■ About this exercise:
Among the entries below, only the lines from the one with "Delicious homemade vanilla" through the one with "Für die folgenden" are wanted, reproduced exactly. Pictures are not wanted.

■ Entries shown:
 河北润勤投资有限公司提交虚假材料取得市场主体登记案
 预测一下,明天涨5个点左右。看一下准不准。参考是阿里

---

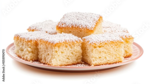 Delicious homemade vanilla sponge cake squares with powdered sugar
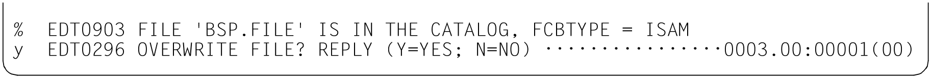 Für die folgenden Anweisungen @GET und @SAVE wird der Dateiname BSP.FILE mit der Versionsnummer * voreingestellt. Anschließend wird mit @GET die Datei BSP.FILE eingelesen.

■ Exercise response:
 Delicious homemade vanilla sponge cake squares with powdered sugar
 Für die folgenden Anweisungen @GET und @SAVE wird der Dateiname BSP.FILE mit der Versionsnummer * voreingestellt. Anschließend wird mit @GET die Datei BSP.FILE eingelesen.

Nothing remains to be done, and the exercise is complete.